Power Flick? Unable to stop the array

trurl · July 29, 2022

2 minutes ago, mathomas3 said:

So you think both parity drives are hosed?

I don't think there is anything wrong with any disks, except perhaps for disk8 since it did log a critical media error. You can run an extended self-test on disk8, after you get other hardware problems resolved and before attempting to rebuild the disabled disks.

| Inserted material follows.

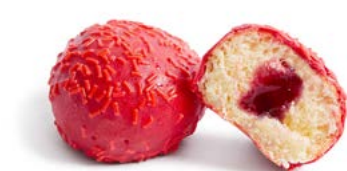
84392 MIXED BERRIES FILLED POPDOTS ORIGINAL® 80 U | 0.905 OZ | 10 X17 | 30-40' FUN & FLAVORFUL MIXED BERRIES POP DOTS ORIGINAL® HAS A SOFT CENTER WITH A SWEET BERRY FILLING THAT MAKES THEM IRRESISTIBLE.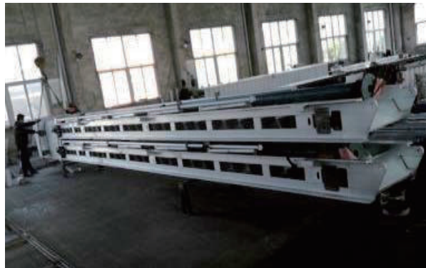
Accommodation Ladders to Indonesia

Your main problem seems to be controller related.

mathomas3 · July 29, 2022

Here is a complete Main page. I have 3 disks attached and unassigned, waiting to be added to the array should the need arise

mathomas3 · July 29, 2022

1 minute ago, trurl said:

I don't think there is anything wrong with any disks, except perhaps for disk8 since it did log a critical media error. You can run an extended self-test on disk8, after you get other hardware problems resolved and before attempting to rebuild the disabled disks.

Your main problem seems to be controller related.

Running the extended test now on disk 8

trurl · July 29, 2022

Let's tag @JorgeB for an opinion on these controller issues, the expert on these things. May not be a good time in his time zone.

mathomas3 · July 29, 2022

5 minutes ago, trurl said:

Let's tag @JorgeB for an opinion on these controller issues, the expert on these things. May not be a good time in his time zone.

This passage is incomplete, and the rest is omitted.